A small change in the cluster size could result in a reshuffle of all the data in the cluster. As the cluster size grows, this becomes unsustainable because the amount of work required for each hash change grows linearly with cluster size.

This is where the concept of consistent hashing comes in.

What is consistent hashing?

Consistent Hashing is a distributed hashing scheme that operates independently of the number of servers or objects in a distributed hash table by assigning them a position on an abstract circle, or hash ring. This allows servers and objects to scale without affecting the overall system.

Imagine we mapped the hash code range onto the edge of a circle. That means that the minimum possible hash code would correspond to an angle of zero, the maximum possible hash code would correspond to an angle of 2𝝅 radians (or 360 degrees), and all other hash values would linearly fit somewhere in between. So, we could take a key, compute its hash, and find out where it lies on the circle’s edge.

For example, we can map the above data among 3 servers like this:

What happens when a server is added or removed?

The main benefit of Consistent Hashing is that any server can be added or removed dynamically and only the minimal set of objects need to move.

On average, it requires only k/n objects to move where k is the total number of keys and n is the total number of nodes.

This property is known as monotonicity: when a server is added, objects only move from old servers to the new server; there is no unnecessary movement between the old servers.

  • Scale-Up Process: When a new server is added to the cluster, the Server hash is calculated and it is placed on the hash ring. Keys are reassigned to redistribute the load, but as we can see only a minimum number of keys are reassigned:
Mike and Lucy are now moved from Server C to new server D

Below gif depicts the process of keys movement in case of cluster scale-up:

Some Keys are reassigned to a new server when the cluster is scaled up.
  • Scale-Down or Node failure: When a server/Node goes down, only the keys which belong to that node will be redistributed to the nearest available servers on the hash ring without impacting other keys/objects:
As Server D is removed, Mike and Lucy are now re-assigned to server C.

Below gif depicts the process of keys movement in case of cluster scale-down:

Keys are reassigned to the nearest available server when a node goes down.

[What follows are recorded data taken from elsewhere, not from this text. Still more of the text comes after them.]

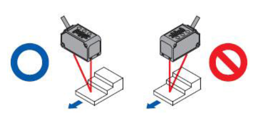 ? 移動的檢測對象物存在段差的情況下,請按照以下方法進行安裝,從而可在測量時抑制段差邊緣所產生的影響。
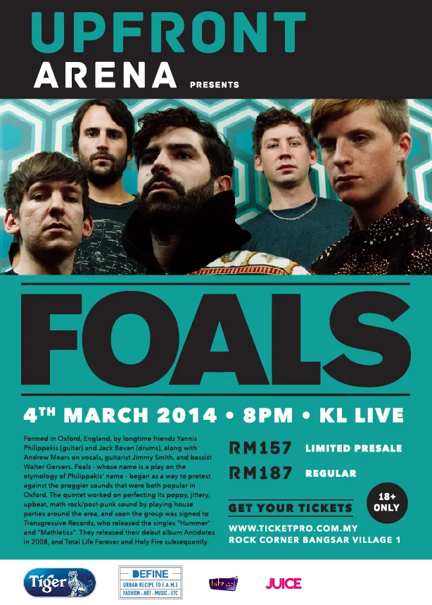 Kicking off this exciting series is none other than UK Band, Foals! NME award-winning india act known for their hit songs Spanish Sahara and Inhaler, the Oxford quintet is set to rock KL Live on March 4th, 2014.
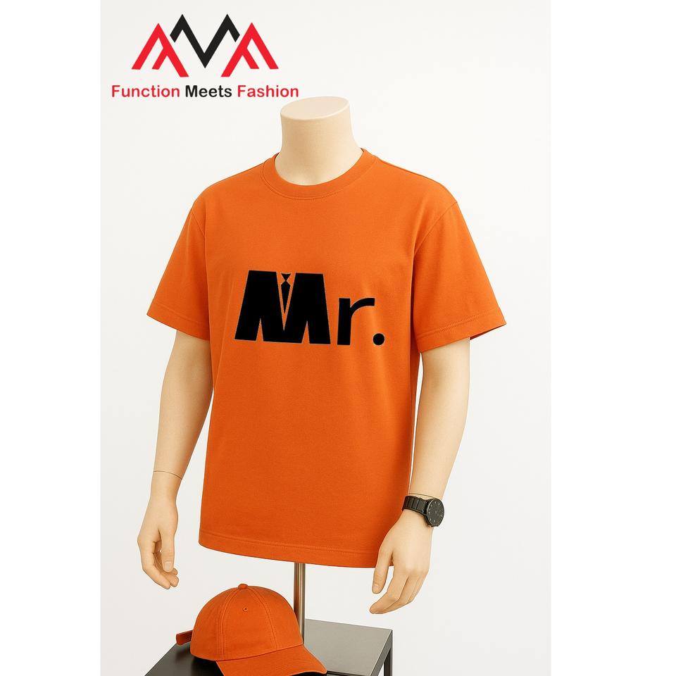 Camiseta Naranja Transpirable de Manga Corta con Estampado Gráfico, Corte Regular Informal, Mezcla de Algodón y Poliéster (TC) Estampada Vietnamita
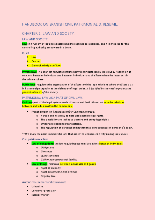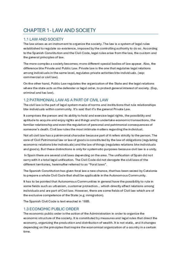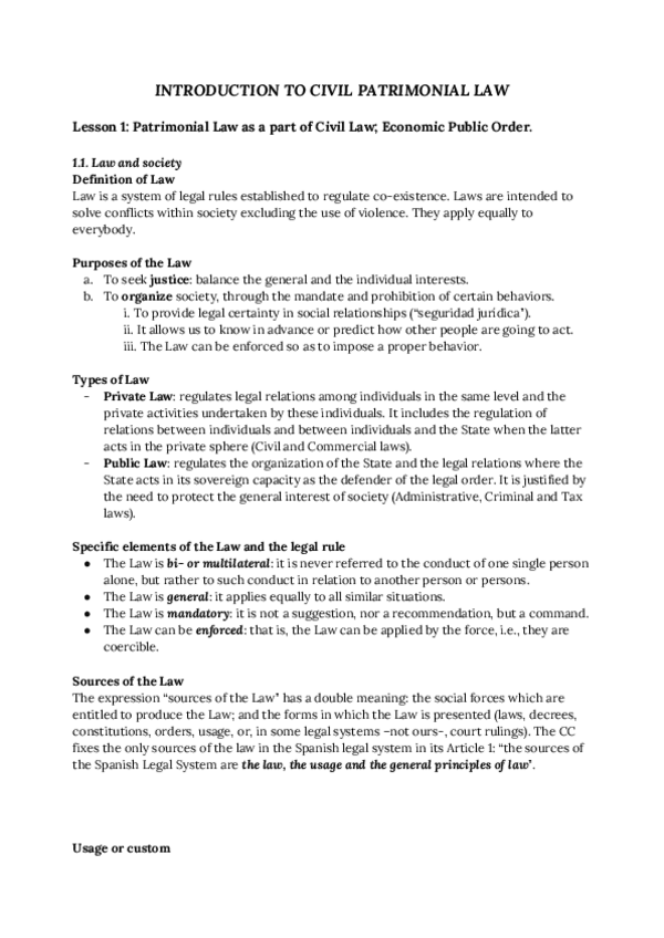 Apuntes de Introducción al derecho patrimonial de la UC3M Carrera de Economía en inglés / Bachelor's Degree in Economics
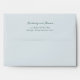This elegant envelope features a minimalist design with a soft, muted green color palette that exudes tranquility and sophistication. The layout is clean and centered, showcasing a cursive script for the names followed by a simple serif font for the address, creating a balanced and refined look. With ample negative space, the design emphasizes clarity and simplicity, making it ideal for formal announcements or special occasions where elegance meets understated charm.
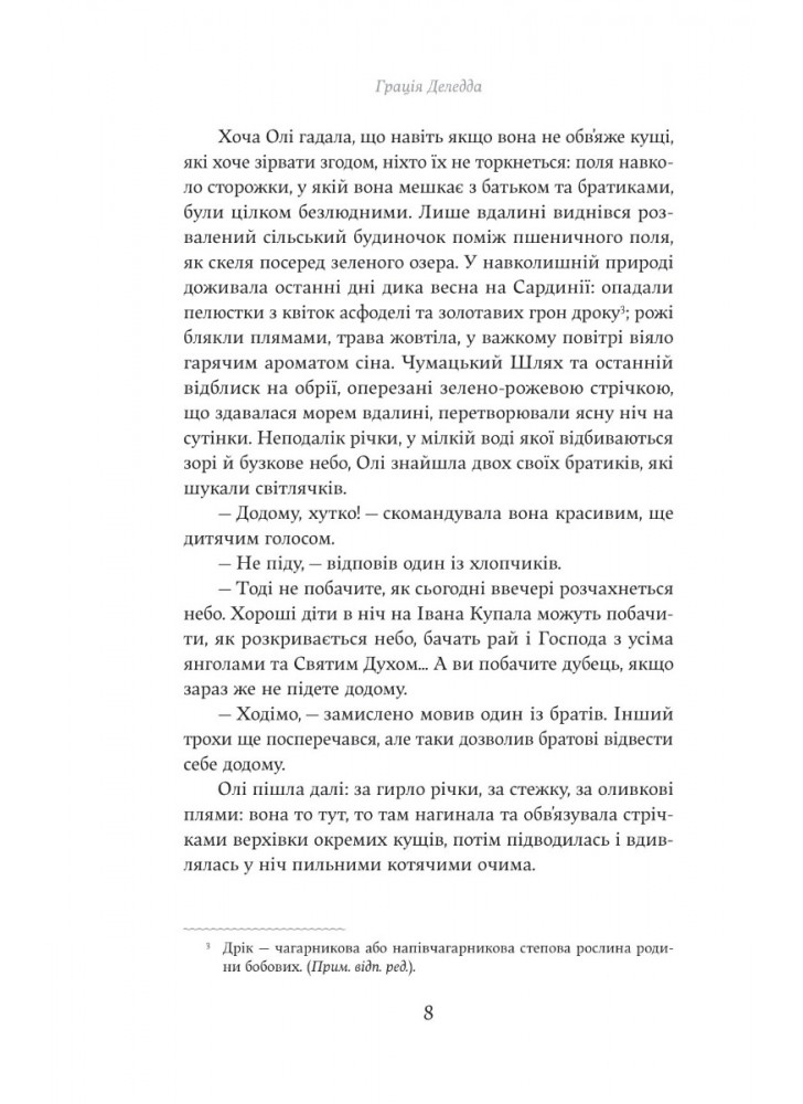 Грація Деледда – італійська письменниця, лауреатка Нобелівської премії з літератури 1926 року «за поетичні твори, у яких із пластичною ясністю описується життя її рідного острова, а також за глибину підходу до людських проблем загалом». Роман «Попіл» 1904 р. – один із найбільш неоднозначних і цікавих творів Грації Деледди.
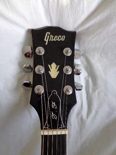 | 本家にも同じモデルがあって、レスポールプロフェッショナルと書いてあるそうですが。グレコは宝石のインレイですかね?ロッドカバーにはたぶんT,Fと書いてあります。ご購入した方のイニシャルでしようかね。グネコロゴなので70年代でしょうね。 |
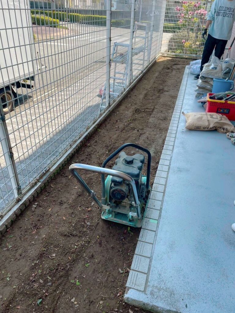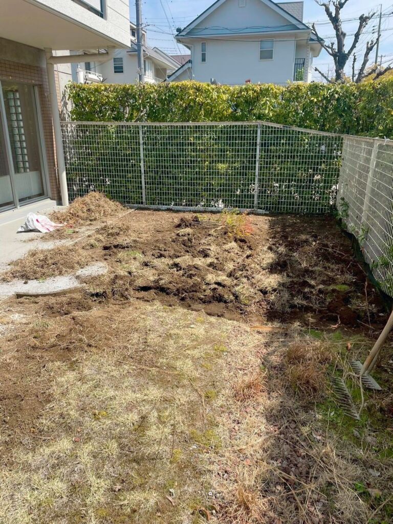 今回の工事では、既存の天然芝を撤去し、植栽の伐採・撤去を実施。
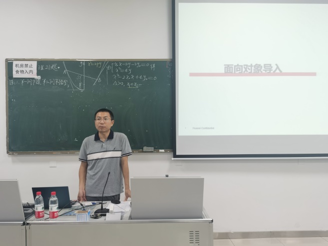 7月6日,第一次课程,企业专家和相关负责老师很早就到达授课教室,即西电南校区计算机基础实验教学中心的EIII207机房,检查实验环境和教学环境,保证课程能够顺利实施。下午两点,课程正式开始,万波教授首先介绍了参与本门课程授课的四位华为资深软件专家,并代表学院表示欢迎和感谢,之后阐明了该课程开设的重要意义,最后鼓励所有选课学生在未来两周认真学习,必能有所收获。
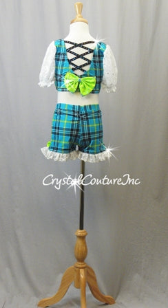 Adorable custom made Blue and Green plaid top and booty short with White lace sleeves and ruffles. Costume is accented with ruffles, Black straps and Lime Green bows. Decorated with Costume is decorated Swarovski Rhinestones!!
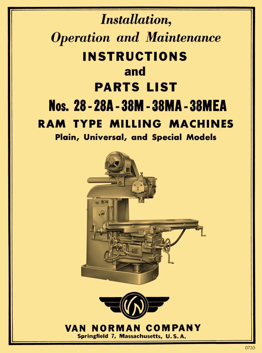 This is a reproduction, not a photocopy, of an original Van Norman Ram Type Milling Machines Operations and Parts Manual. This manual covers the Plain Universal and Special Models, including Nos. 28, 28A, 38M, 38MA, and 38MEA. This manual provides detailed specifications for the milling machine, along with proper lifting and installation instructions. It explains the operation of the machine’s various components and includes lubrication and maintenance guidelines to ensure reliable performance. A complete set of clear exploded‑view diagrams for all Van Norman mill parts is also included.
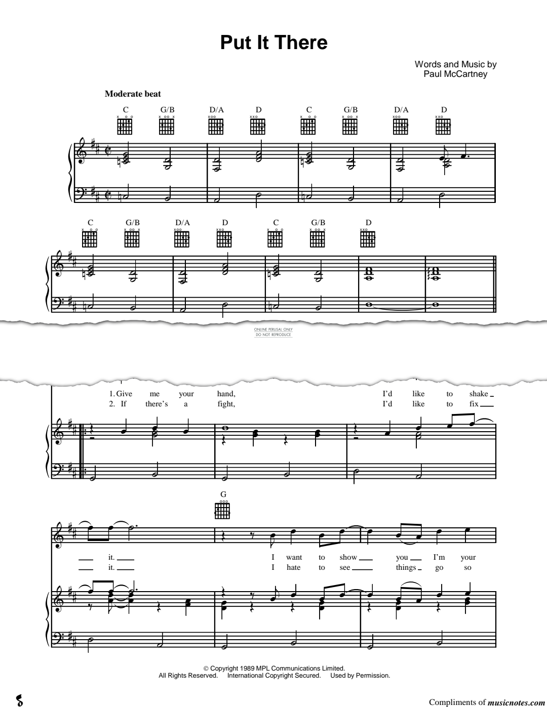 Put It There - Noten für Gesang, Gitarre, Klavier Paul McCartney
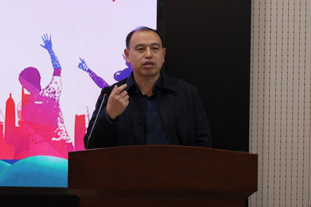 王丹介绍此次大赛规程,她希望同学们以饱满的热情迎接此次比赛,展现出自己的实力与风采,取得优异的成绩,并预祝此次基本功大赛圆满成功。
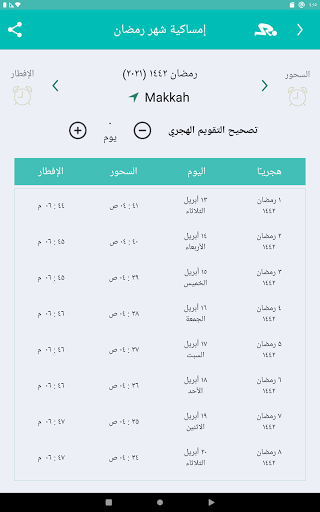 التقويم الهجري: يظهر لك التاريخ الهجري و المناسبات الإسلامية بحسب التقويم الهجري و أطوار القمر المختلفة.
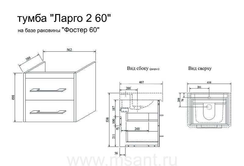 Тумба Sanflor подвесная Ларго 60.2 (ШВ/Б) раковина Фостер 60
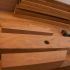 Le tiroir est entièrement réalisé en bois massif, les coulisses du tiroir sont fixées sous le plateau et une rainure "plumier" est faite à la défonceuse sur le plateau.
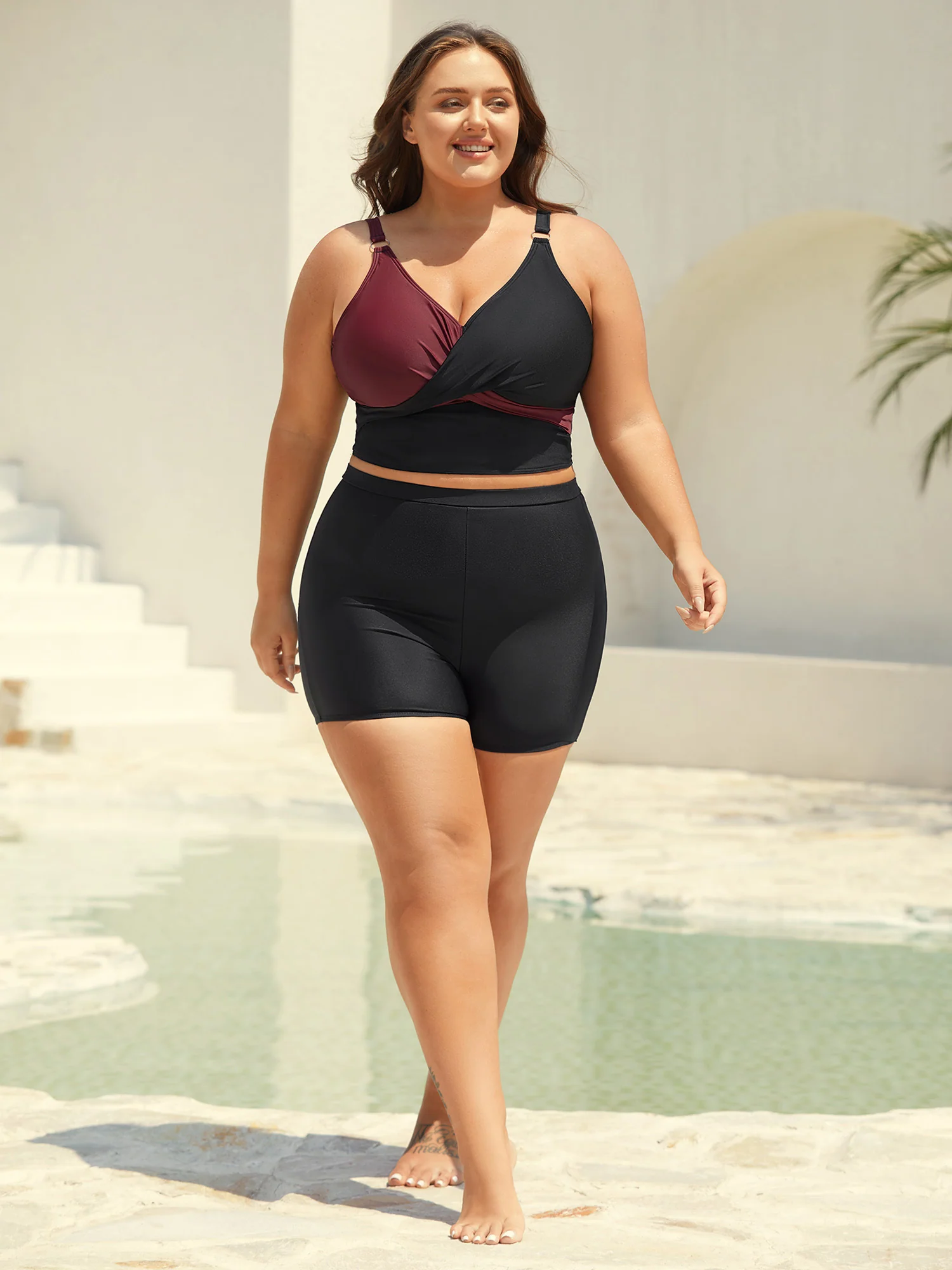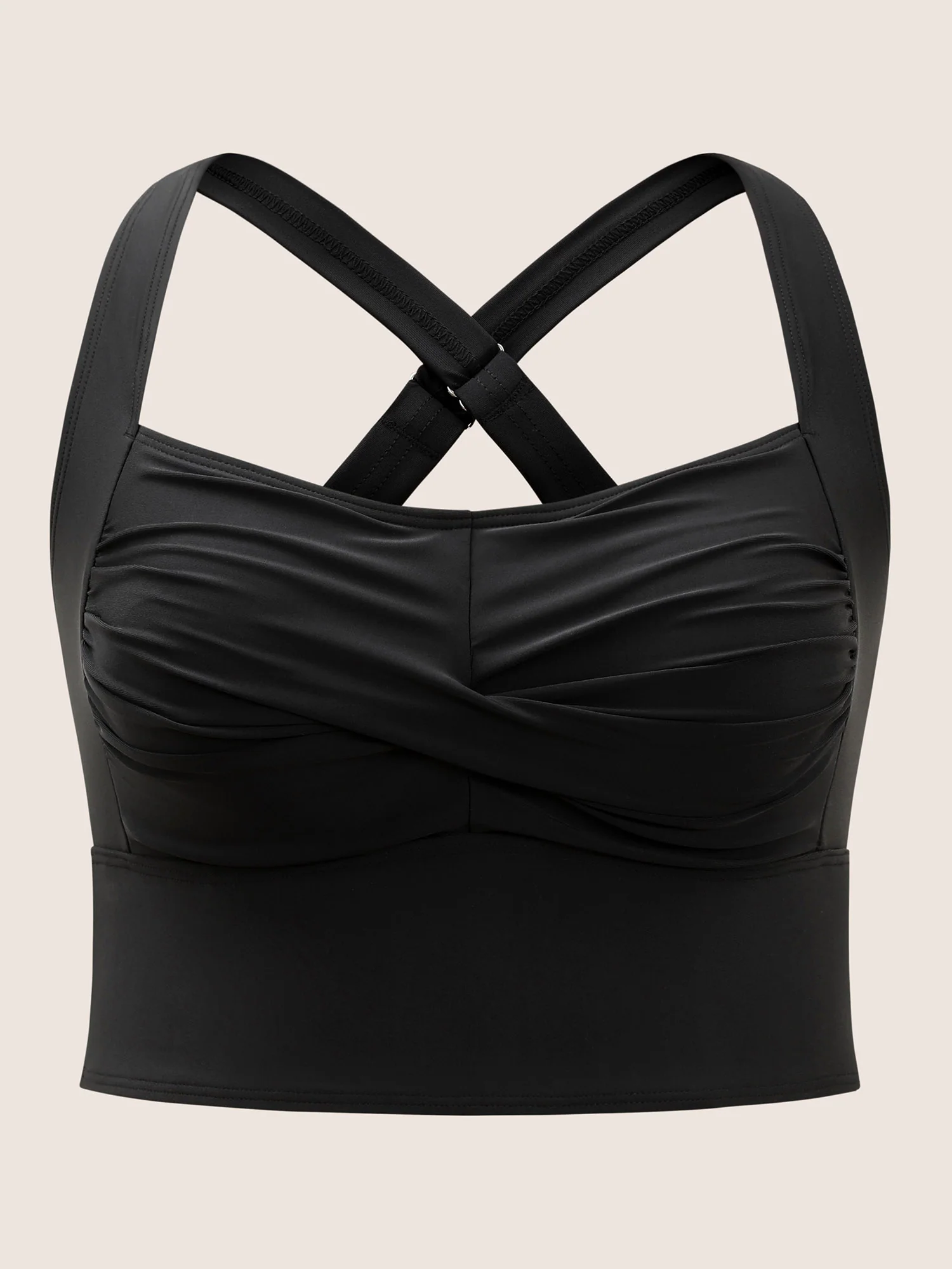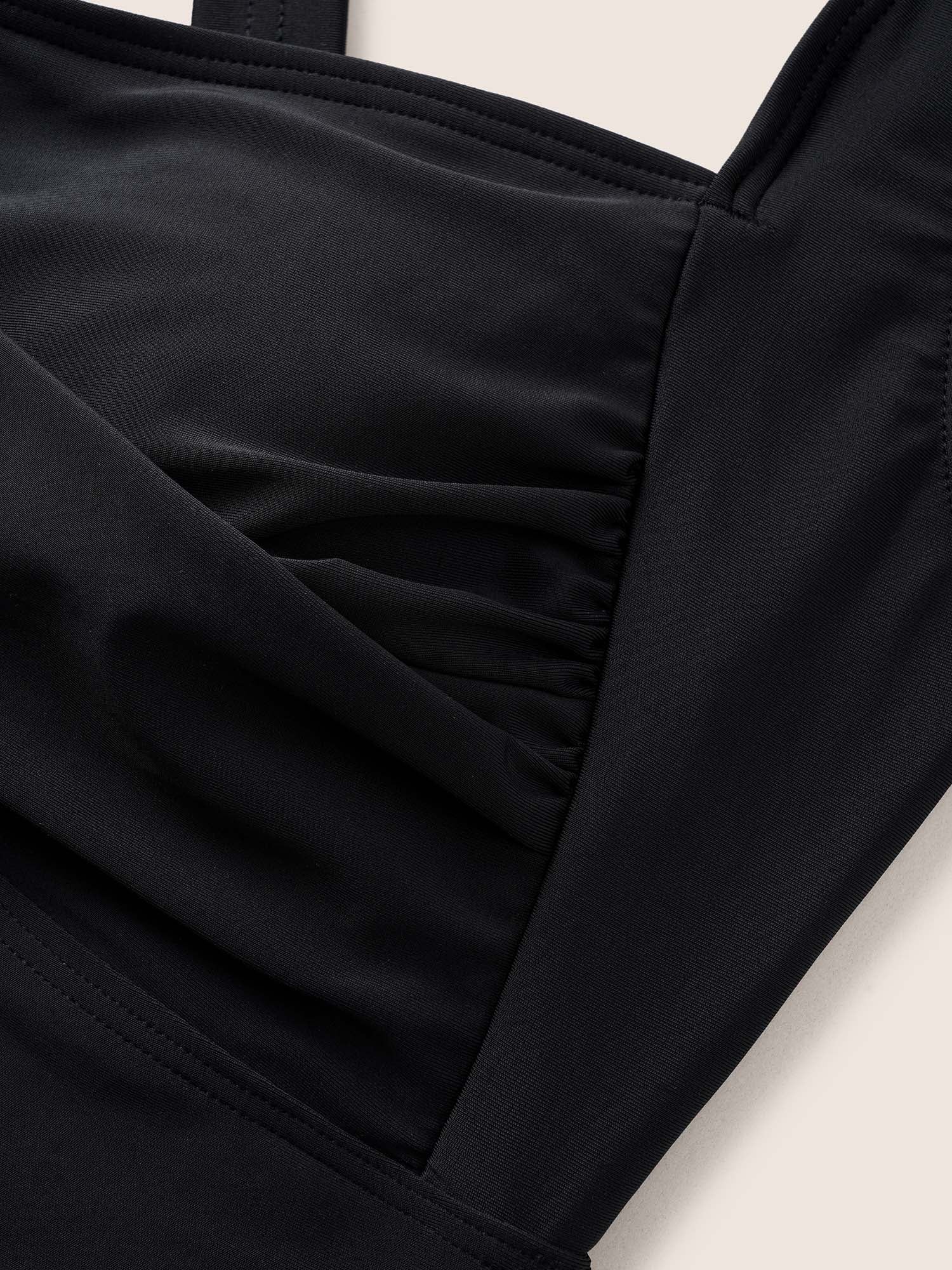 Solid Crossover Square Neck Adjustable Straps Swim Top
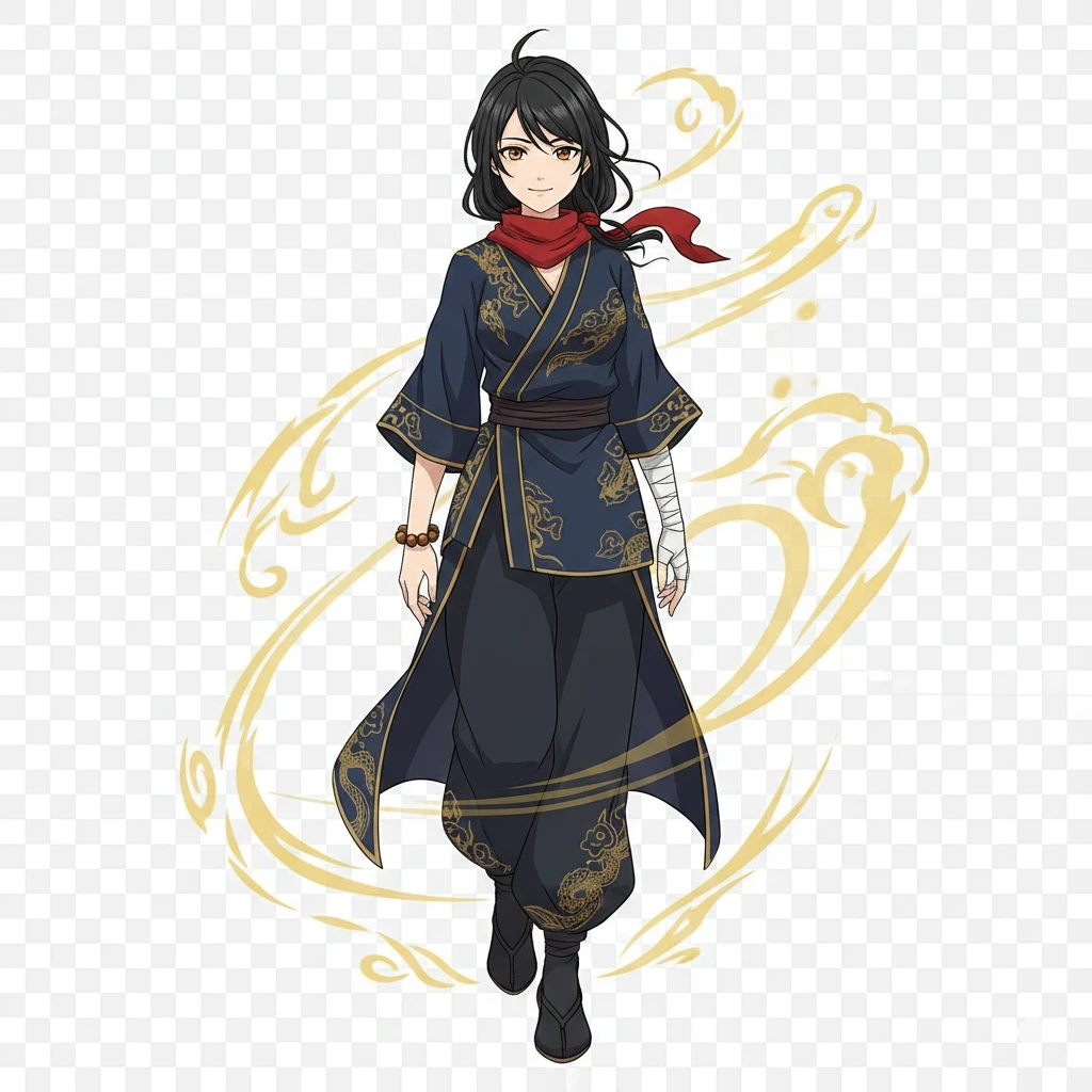 長髪を首元でまとめた和風美人。大陸風の動きやすいゆったりとした男性服を好んで身に着けている

Getting an even distribution of keys across Servers

In an ideal case, when there are k keys and n servers, every server must have close to k/n keys. Thus, the addition or removal of a node can impact a maximum of k/n keys in the system. To ensure that there is near ideal distribution, we introduce virtual nodes in the system. Every physical node has multiple virtual nodes on the hash ring.

Multiple virtual nodes for each server to evenly distribute keys across available servers.

Conclusion

Consistent Hashing has several wide applications. It is used for sharding, load balancing, etc. It enables horizontal scalability. It minimizes disruption in a dynamic environment.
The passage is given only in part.